На пятом этаже было намного спокойнее. И уютнее. Тут обитало начальство. Беззвучно работали кондиционеры, звуки шагов полностью заглушались мягким ковром. Стены и перегородки из прозрачного пластика. Если бы не жалюзи и занавески, обеспечивавшие уединение тем обитателям кабинетов, которые желали этого, можно было бы, наверное, одним взглядом окинуть весь этаж.
Густав был не один. Более того, он сидел не на своем месте, а занимал одно из гостевых кресел. За его собственным столом расположился мой наставник, герр Рихтер Эзенхоф.
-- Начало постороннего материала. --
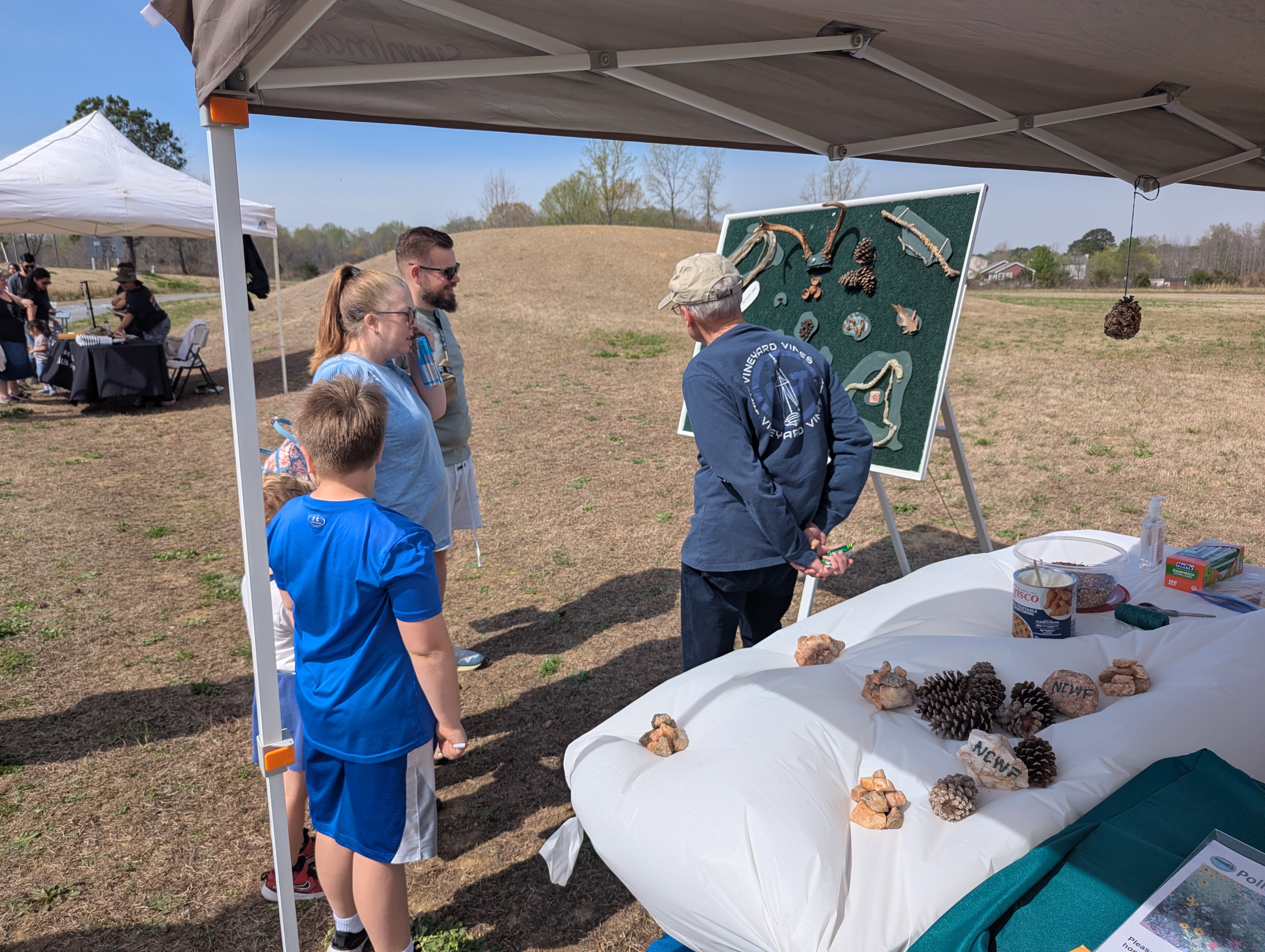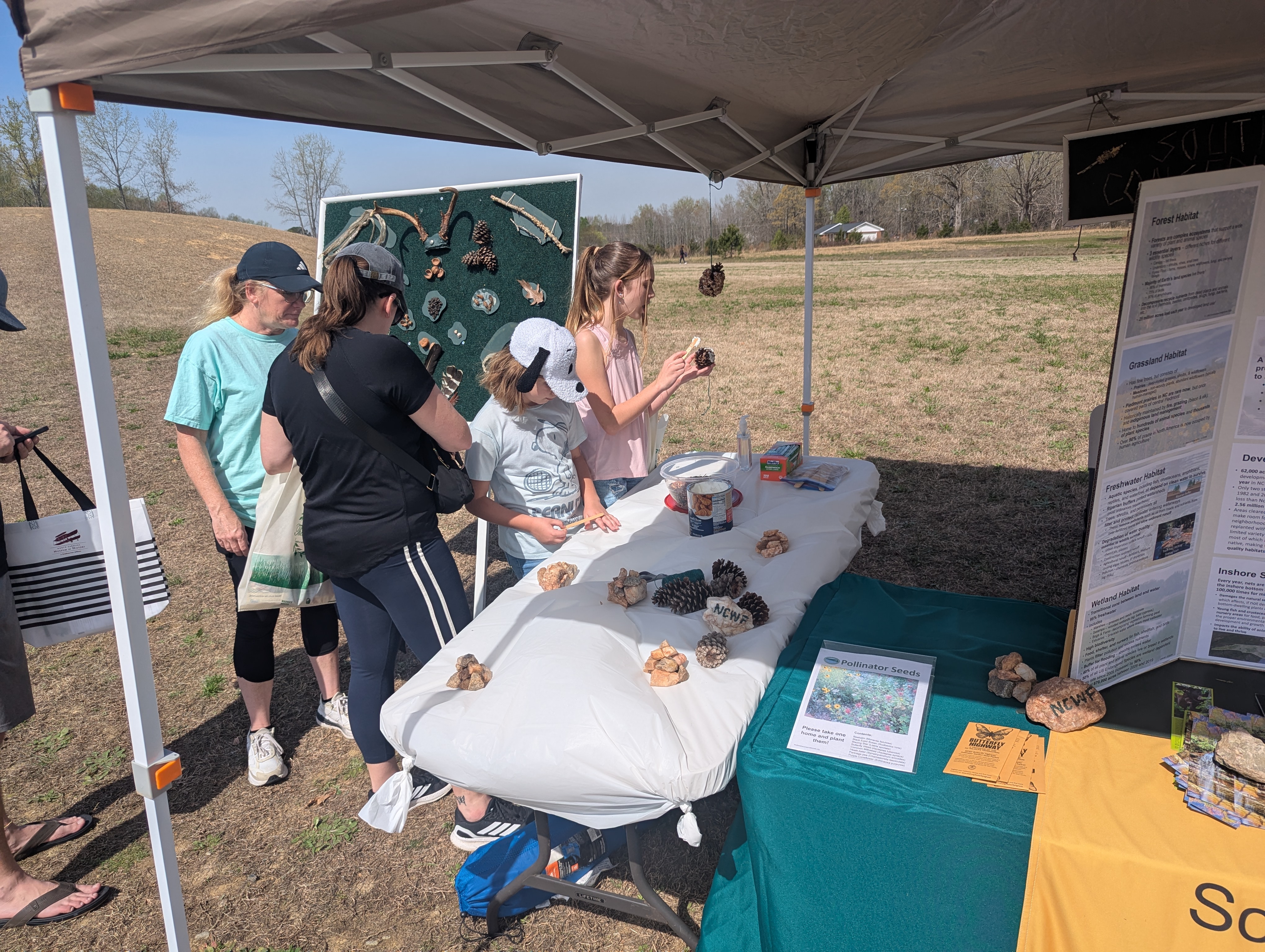 Our theme this year is “Wildlife Habitat.” We had our custom-designed nature board on display, as well as our classic nature trivia challenge with the Q&A board for everyone to test their nature knowledge. The kids had fun making pine cone feeders, and we even ran out of Crisco for the substrate and had to run to the store to buy more! They also got to try their luck guessing animal sounds with our sound button array.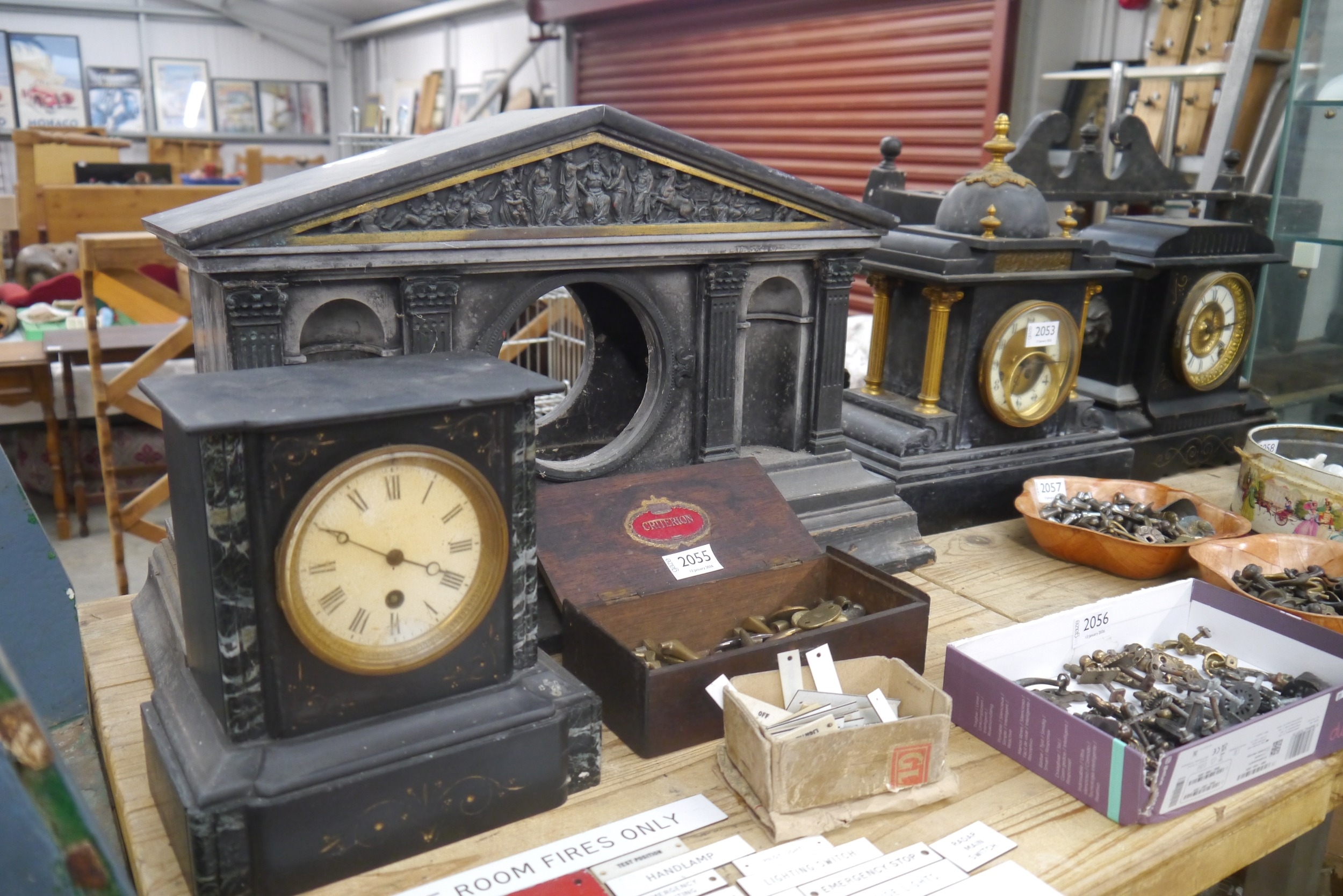 A group of slate mantel clocks for repairs/restoration including a large architectural example with theological panel to top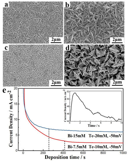 (a,c) The deposit morphologies when deposited at −50 mV and −90 mV from the electrolyte containing 7.5 mM Bi and 10 mM Te. (b,d) The morphologies when deposited at −50 mV and −90 mV from the electrolyte containing 15 mM Bi and 20 mM Te. (e) Current density vs. deposition time at −50 mV for 7.5 mM Bi and 10 mM Te, and 15 mM Bi and 20 mM Te.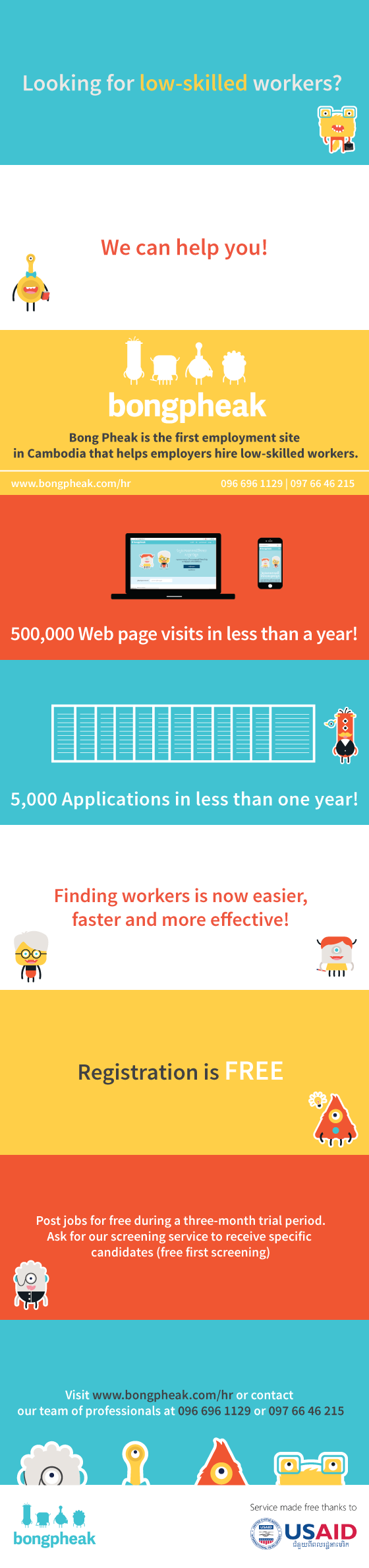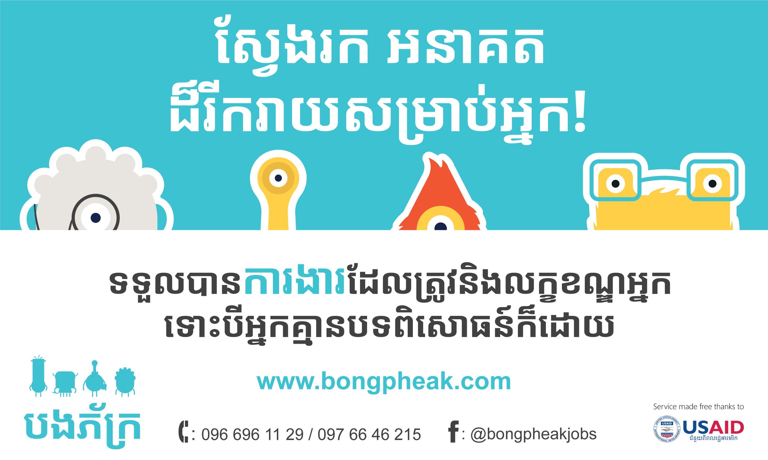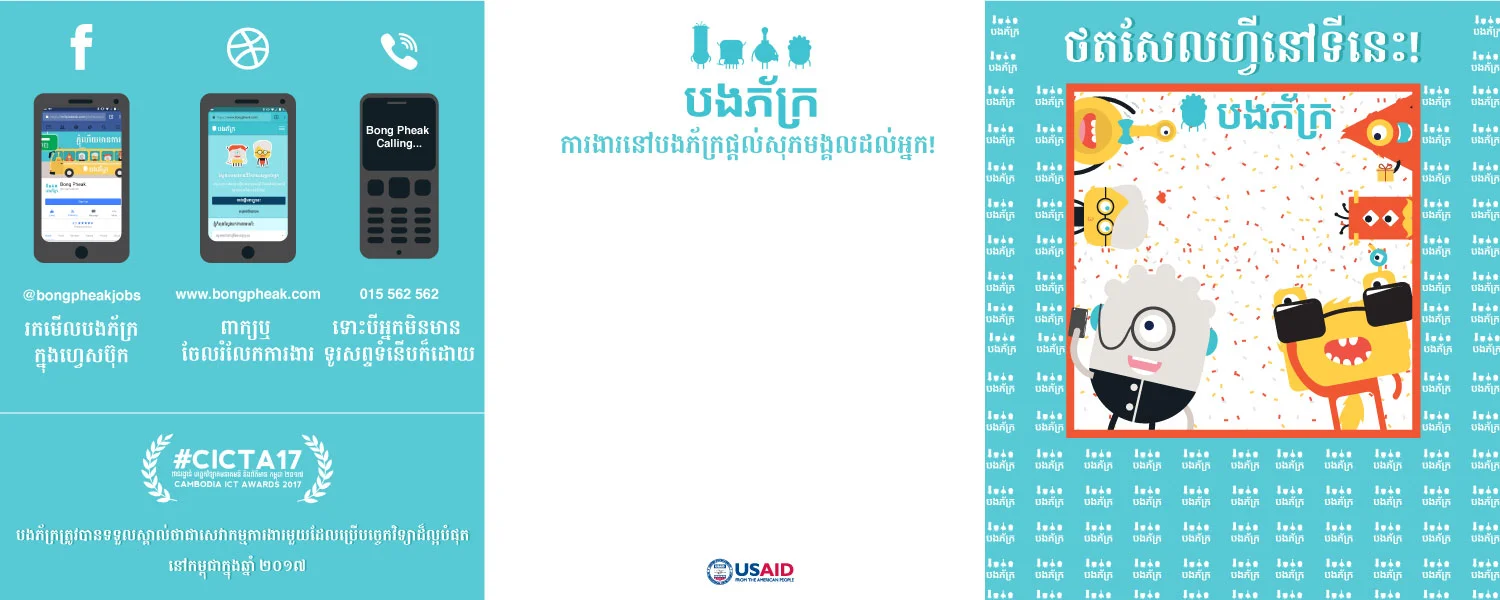Open Institute is an organization in Phnom Penh, Cambodia that uses technology to help aid in the fight against human-trafficking. Bong Pheak is a project from Open Institute that uses social media and technology to contact rural and non-rural Khmer people to alert them about job opportunities around the country. For Bong Pheak, I volunteered for an entire summer and worked on social media campaign designs, created informative brochures for sponsorships, created marketing materials such as business cards and t-shirts, and even helped with an English phone voiceover.

Вообще, полицейское управление имело свою собственную иерархию и, хотя и сотрудничало с ВЕСБ, последней ни в коей мере не подчинялось. Но это внешняя, формальная сторона вопроса, которая так же «верно» отражала настоящее положение дел, как и скромная официальная должность герра Рихтера — его реальное влияние в Восточной Европе. Внутренние связи были намного сложнее, но каковы они, и куда сходятся все ниточки, знали очень немногие. Густав — знал. Он не был психокинетиком, но неоднократно посещал ШАД, находился в курсе тех паранормальных проблем, с которыми мы периодически сталкивались, и даже участвовал в решении некоторых из них. В последний раз это едва не стоило ему жизни. Не думаю, что он был в восторге от сверхъестественного. Полагаю даже, он был бы только рад, если бы в один прекрасный день все чудеса и все волшебные создания попросту исчезли бы из нашего мира. Но поскольку Густав являлся прагматиком, а магическим существам было глубоко наплевать на его желания, он вынужденно смирялся с их существованием и молча делал свою работу. Хотя нет, не молча. Периодически, он принимался ворчать и тихо ругаться.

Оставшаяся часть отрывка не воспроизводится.